→ Instructions to follow
Please return the full listing exactly as written, with the images removed.

→ Supplied data
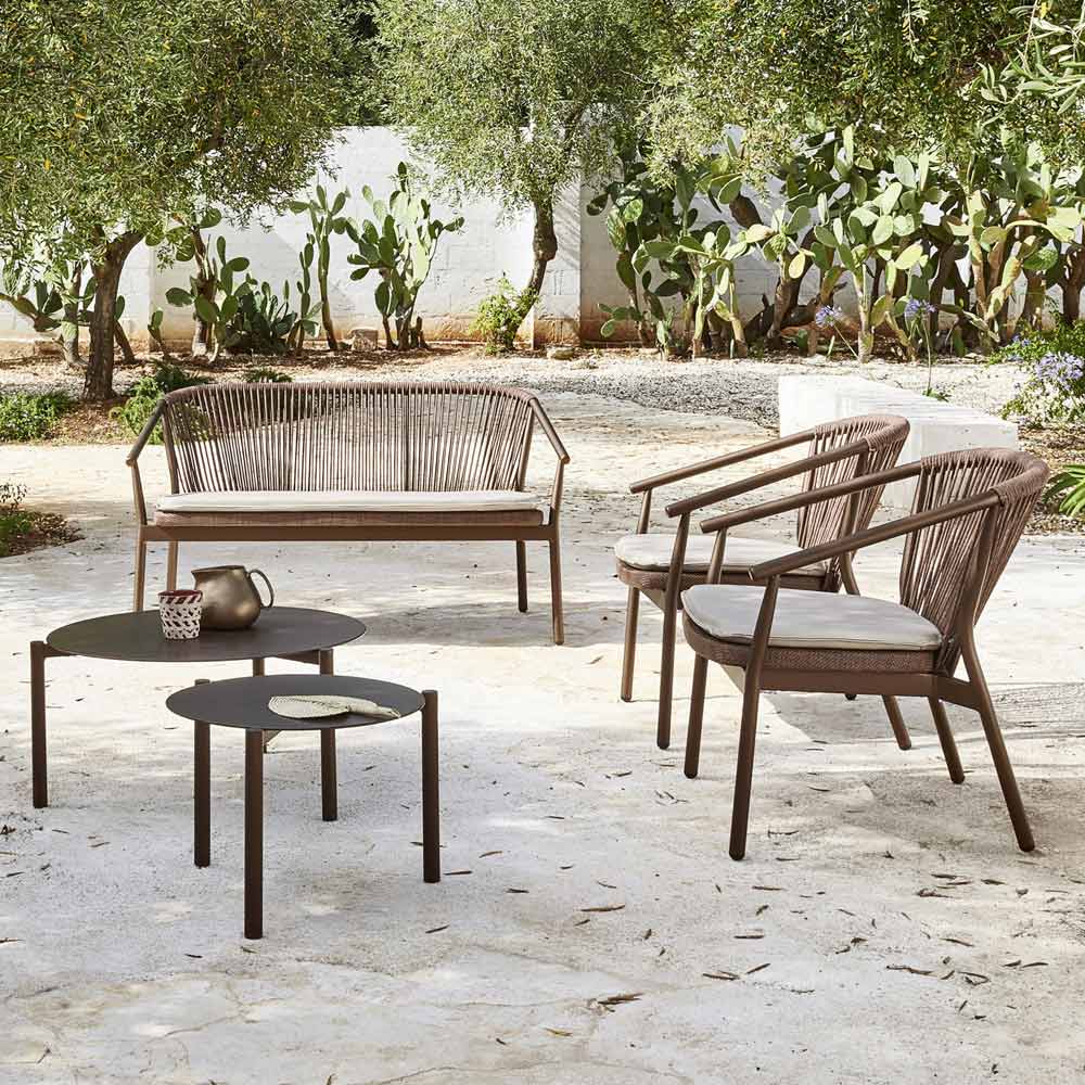 Mesa de centro de jardim composta por tampo e estrutura em alumínio revestido a pó na cor bronze metal. Graças ao seu design linear, limpo e simples, esta mesa de centro é perfeita para decorar qualquer ambiente exterior, como terraços, piscinas e jardins, encontrando também o seu lugar nas várias áreas interiores.
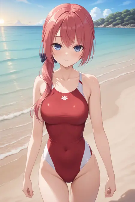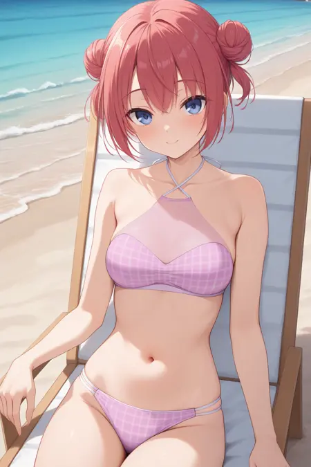 ddfumika, blue eyes, red hair, double bun, swimsuit, plaid bikini, pink bikini, criss-cross halter,
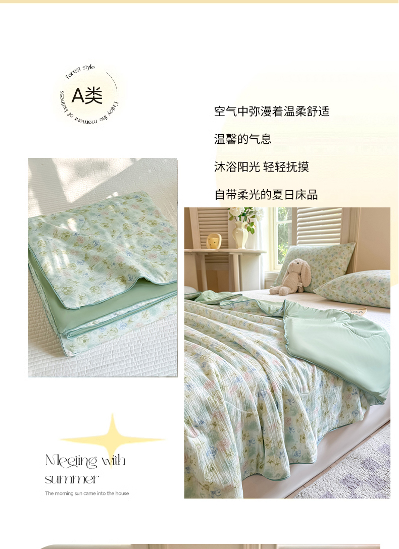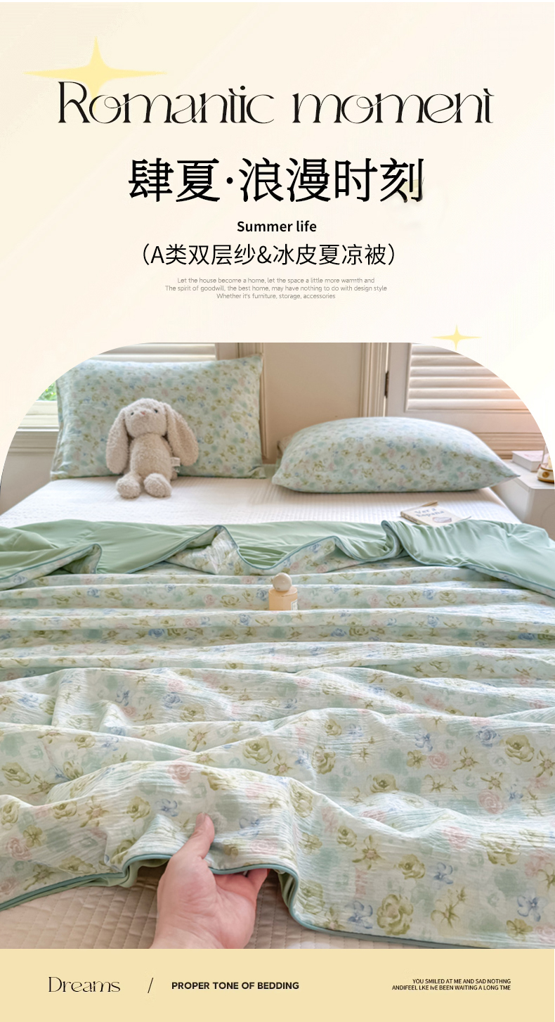 丽美人家纺 2025新款爆款双拼皱皱纱冰皮被夏被夏凉被空调被 冰皮-绿野

→ Task answer
 Mesa de centro de jardim composta por tampo e estrutura em alumínio revestido a pó na cor bronze metal. Graças ao seu design linear, limpo e simples, esta mesa de centro é perfeita para decorar qualquer ambiente exterior, como terraços, piscinas e jardins, encontrando também o seu lugar nas várias áreas interiores.
 ddfumika, blue eyes, red hair, double bun, swimsuit, plaid bikini, pink bikini, criss-cross halter,
 丽美人家纺 2025新款爆款双拼皱皱纱冰皮被夏被夏凉被空调被 冰皮-绿野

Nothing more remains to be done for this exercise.